→ EXERCISE:
From the first line to the last, repeat the data exactly but leave out the pictures.

→ DATA BLOCK:
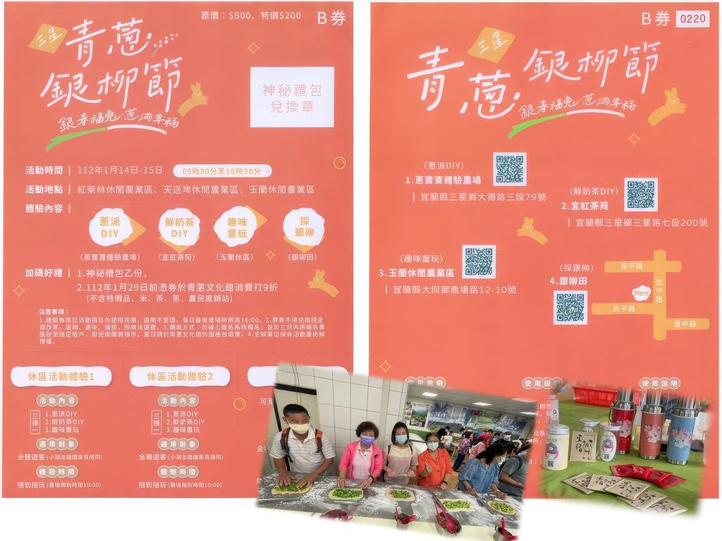 2.體驗券票根至青蔥文化館消費打九折(112.01.29截止)
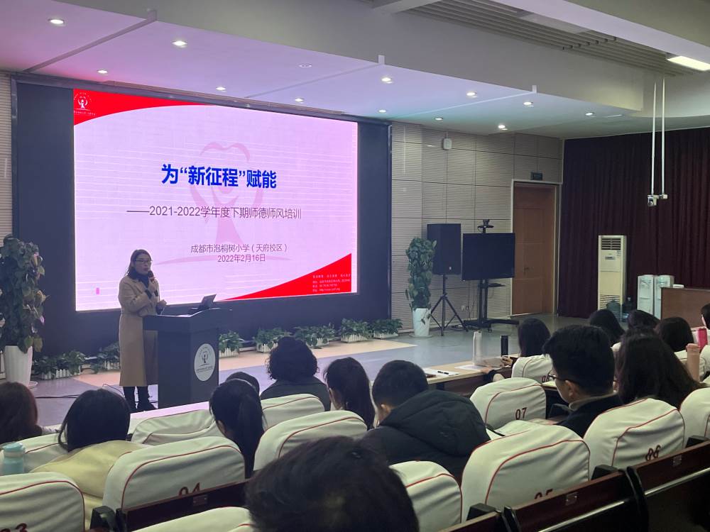 随着假期结束,开学之日已经临近。新学期为进一步加强师德师风建设,提升教师师德修养,引领教师共成长,2月16日,我校在多功能厅进行了以“为‘新征程’赋能”为主题的师德师风培训会,培训会由欧主任主持,宋校长出席了会议并讲话,全体教师参加了会议。
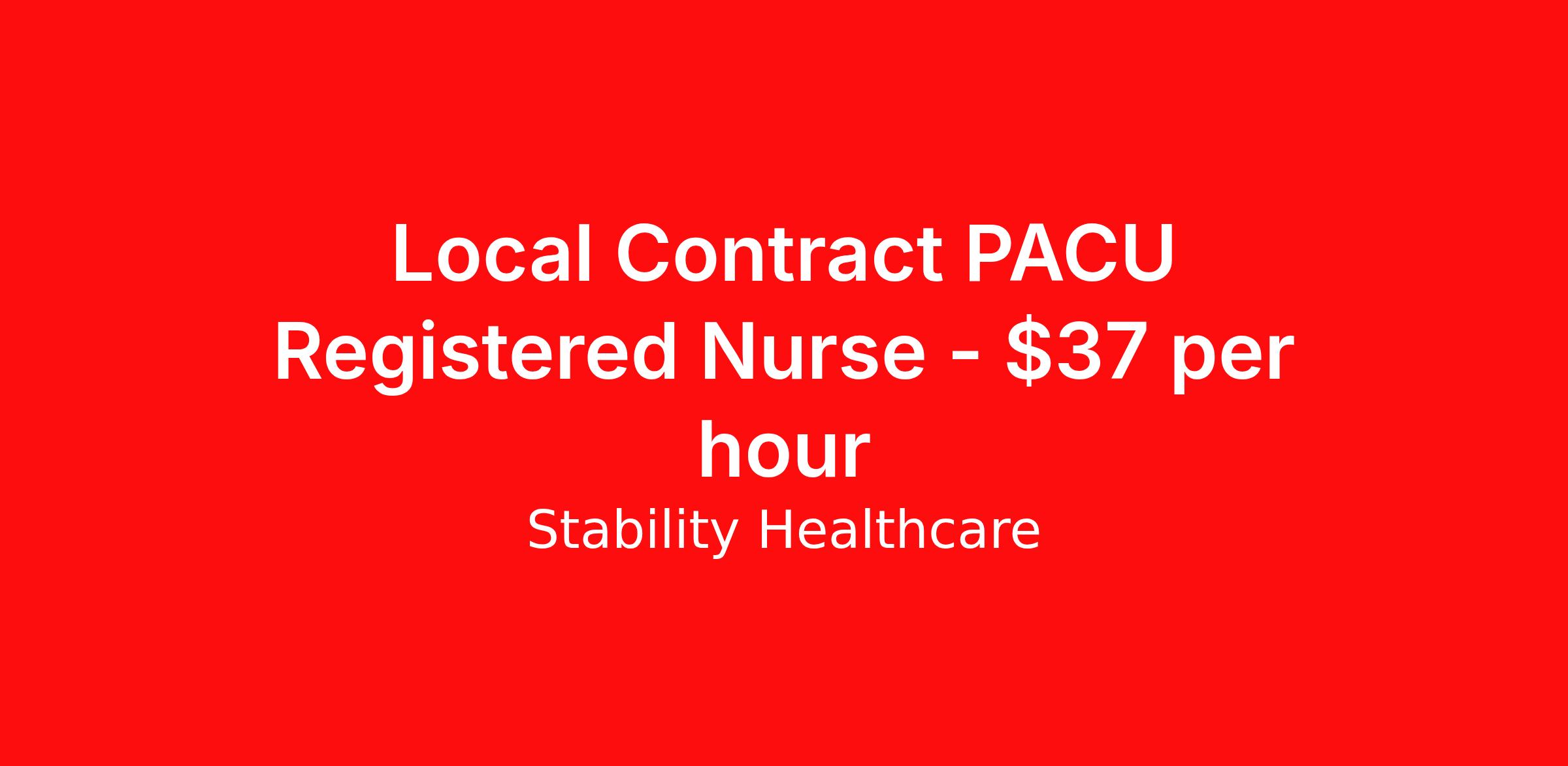Stability Healthcare is seeking a local contract nurse RN PACU - Post Anesthesia Care for a local contract nursing job in Oro Valley, Arizona. Job Description & Requirements Specialty: PACU - Post Anesthesia Care Discipline: RN Duration: 13 weeks 36 hours per week Shift: 12 hours, days Employment Type: Local Contract Stability Healthcare is looking for a PACU RN contract position in Oro Valley, AZ. PACU nurses are highly specialized RN's who care for patients who have gone under anesthesia. These nurses are responsible for observing and treating patients after surgery. They will monitor vital signs such as heart rate, blood pressure, temperature, and respiratory rate. PACU nurses are typically the first ones to greet the patient after surgery and will provide comfort and reassurances to the patient as well as family. *$600 travel bonus *Day 1 health insurance with United Healthcare *PTO plan start accruing on day 1, use during contract or cash out at the end! *Guaranteed stipend if facility calls you off *Extra hour bonus earn an additional hourly bonus for working over your weekly contracted hours Stability Job ID L-826022. Pay package is based on 12 hour shifts and 36 hours per week (subject to confirmation) with tax-free stipend amount to be determined. Posted job title: PACU About Stability Healthcare Stability Healthcare was founded in 2009, with the mission of becoming the best Travel Nursing Agency in California. We have been rated one of the top travel nursing agencies and offer our nurses the highest paying travel nursing jobs available. We have access to the best travel assignments from 1000’s of facilities. You can start the year off in sunny California, spend the Spring in the Colorado Rockies, enjoy the Summer in the Mid-West, experience the change of seasons in Boston and New York, and hit the beaches of Florida in the winter. Our Nurses work in the best hospitals and health systems in the country. Benefits Guaranteed Hours Benefits start day 1
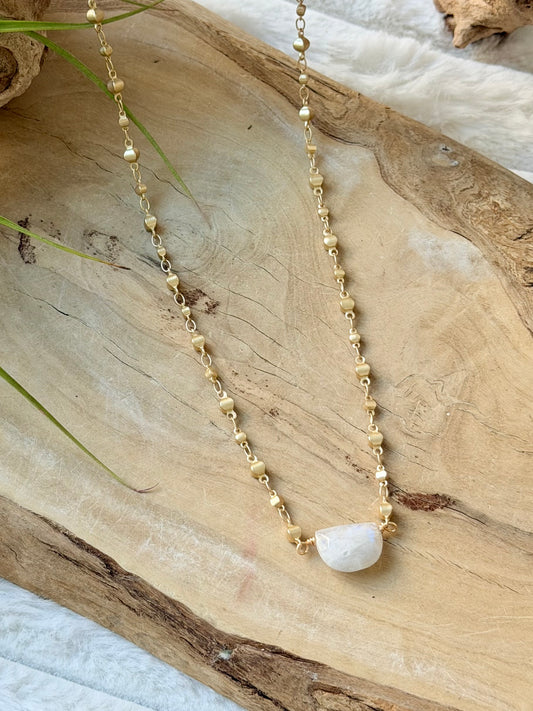 Rainbow Moonstone + Gold Faceted Drop Pendant Necklace

→ RESULT:
 2.體驗券票根至青蔥文化館消費打九折(112.01.29截止)
 随着假期结束,开学之日已经临近。新学期为进一步加强师德师风建设,提升教师师德修养,引领教师共成长,2月16日,我校在多功能厅进行了以“为‘新征程’赋能”为主题的师德师风培训会,培训会由欧主任主持,宋校长出席了会议并讲话,全体教师参加了会议。
Stability Healthcare is seeking a local contract nurse RN PACU - Post Anesthesia Care for a local contract nursing job in Oro Valley, Arizona. Job Description & Requirements Specialty: PACU - Post Anesthesia Care Discipline: RN Duration: 13 weeks 36 hours per week Shift: 12 hours, days Employment Type: Local Contract Stability Healthcare is looking for a PACU RN contract position in Oro Valley, AZ. PACU nurses are highly specialized RN's who care for patients who have gone under anesthesia. These nurses are responsible for observing and treating patients after surgery. They will monitor vital signs such as heart rate, blood pressure, temperature, and respiratory rate. PACU nurses are typically the first ones to greet the patient after surgery and will provide comfort and reassurances to the patient as well as family. *$600 travel bonus *Day 1 health insurance with United Healthcare *PTO plan start accruing on day 1, use during contract or cash out at the end! *Guaranteed stipend if facility calls you off *Extra hour bonus earn an additional hourly bonus for working over your weekly contracted hours Stability Job ID L-826022. Pay package is based on 12 hour shifts and 36 hours per week (subject to confirmation) with tax-free stipend amount to be determined. Posted job title: PACU About Stability Healthcare Stability Healthcare was founded in 2009, with the mission of becoming the best Travel Nursing Agency in California. We have been rated one of the top travel nursing agencies and offer our nurses the highest paying travel nursing jobs available. We have access to the best travel assignments from 1000’s of facilities. You can start the year off in sunny California, spend the Spring in the Colorado Rockies, enjoy the Summer in the Mid-West, experience the change of seasons in Boston and New York, and hit the beaches of Florida in the winter. Our Nurses work in the best hospitals and health systems in the country. Benefits Guaranteed Hours Benefits start day 1
 Rainbow Moonstone + Gold Faceted Drop Pendant Necklace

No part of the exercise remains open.